RAM: Crucial 4GB (2x2GB) DDR3 1333MHz/PC3-10600 Ballistix Memory Kit CL7 (7-7-7-24) 1.65V

CPU: AMD Phenom II X4 925 2.8GHz Socket AM3 8MB Cache Retail Box Processor

GFX: PowerColor HD 5850 1GB GDDD5 Dual DVI HDMI Display Port Out PCI-E

HDD: Samsung SpinPoint F3 500GB Hard Drive SATAII 7200rpm 16MB Cache - OEM

ROM: Samsung SH-S223 22X DVD±RW/RAM/DL Serial ATA Black Bare Drive - OEM

CASE: Casecom 6788 Black Mid Tower Case with Full Black Interior/Exterior 120mm Blue LED Front Fan - No PSU + Additional Case Fan: Xilence Black 120mm Case Fan - 4pin with 3pin adaptor

OS: Windows 7 Ultimate 64Bit


----------



## Molignar (Jan 24, 2010)

HookeyStreet said:


> Thanks for the advice m8
> 
> Right, what about this:
> 
> ...




Doesn't look too bad, although I'd get a different power supply. OCZ is alright but they're power supplies can be really hit or miss, also you can get a Corsair HX650 watt that runs on the single rail design for very close to the same price. Ask around about Corsair's power supplies if you need to. I don't think many people using them would have a bad thing to say about them. Good Luck with your build.


----------



## kurosagi01 (Jan 24, 2010)

a corsair 550w cost about the same as the 600w stealthxstream.
I would get the 550W since its in budget.


----------



## HookeyStreet (Jan 24, 2010)

Molignar said:


> Doesn't look too bad, although I'd get a different power supply. OCZ is alright but they're power supplies can be really hit or miss, also you can get a Corsair HX650 watt that runs on the single rail design for very close to the same price. Ask around about Corsair's power supplies if you need to. I don't think many people using them would have a bad thing to say about them. Good Luck with your build.

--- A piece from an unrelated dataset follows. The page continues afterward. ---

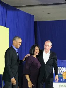 Murphy's candidate for lieutenant governor, Assemblywoman Sheila Oliver (D-34), joined Obama and Murphy onstage.

Ive never used a Corsair PSU but I do know they are meant to be very good.  The trouble with me is that I tend to stick to what I know, hence the OCZ PSU lol 



kurosagi01 said:


> a corsair 550w cost about the same as the 600w stealthxstream.
> I would get the 550W since its in budget.



A 550W Corsair will put me over budget again


----------



## Bo$$ (Jan 24, 2010)

HookeyStreet said:


> Ive never used a Corsair PSU but I do know they are meant to be very good.  The trouble with me is that I tend to stick to what I know, hence the OCZ PSU lol
> 
> 
> 
> A 550W Corsair will put me over budget again



don't worry OCZ have served me well, they are rock solid and are good quality, corsair are better but most cannot afford them


----------



## RejZoR (Jan 24, 2010)

Why not Phenom II X4 955BE ? You take high end graphic card but starve at CPU. Take powerful CPU now and you won't have to upgrade it later on. You'll probably have to change 2-3 graphic card sin between first.


----------



## TheMailMan78 (Jan 24, 2010)

I would go with a 720 IMO.


----------



## kurosagi01 (Jan 24, 2010)

HookeyStreet said:


> Ive never used a Corsair PSU but I do know they are meant to be very good.  The trouble with me is that I tend to stick to what I know, hence the OCZ PSU lol
> 
> 
> 
> A 550W Corsair will put me over budget again



Switch your motherboard to the asus 785G Evo and it will be in your budget.
http://www.ebuyer.com/product/169532


----------



## HookeyStreet (Jan 24, 2010)

kurosagi01 said:


> Switch your motherboard to the asus 785G Evo and it will be in your budget.
> http://www.ebuyer.com/product/169532



LMAO, thats really weird, I was about to say that Im thinking of switching to that motherboard and upping the CPU to the 'AMD Phenom II X4 955 Black Edition 3.2 GHz Socket AM3 8MB Cache Retail Boxed Processor' 

EDIT: Sorry, I meant - AMD Phenom II X4 945 3.0GHz Socket AM3 6MB L3 Cache Retail Box Processor


----------



## crazyeyesreaper (Jan 24, 2010)

go for the 925 and save a few $$ it should overclock to relatively the same speed  only difference is 200mhz both the 925 and 945 should hit 3600 rather easily  with say a cheap cooler like the Coolermaster Hyper 212 plus

i suggest the 925 because of the average daily overclock it will get to the same speedsame as the 955 vs 965 unless you have the ability to keep it cool the extra 100mhz or so isnt worth it and the 955 will reach the same base speed of 3.8

so if you can see if you can find a PII 925 oem and grab a Coolermaster Hyper 212 +  and go from there


----------



## HookeyStreet (Jan 24, 2010)

crazyeyesreaper said:


> go for the 925 and save a few $$ it should overclock to relatively the same speed  only difference is 200mhz both the 925 and 945 should hit 3600 rather easily  with say a cheap cooler like the Coolermaster Hyper 212 plus
> 
> i suggest the 925 because of the average daily overclock it will get to the same speedsame as the 955 vs 965 unless you have the ability to keep it cool the extra 100mhz or so isnt worth it and the 955 will reach the same base speed of 3.8
> 
> so if you can see if you can find a PII 925 oem and grab a Coolermaster Hyper 212 +  and go from there



Dont you think the L3 cache would make the 945 a better choice?


----------



## TheMailMan78 (Jan 24, 2010)

HookeyStreet said:


> Dont you think the L3 cache would make the 945 a better choice?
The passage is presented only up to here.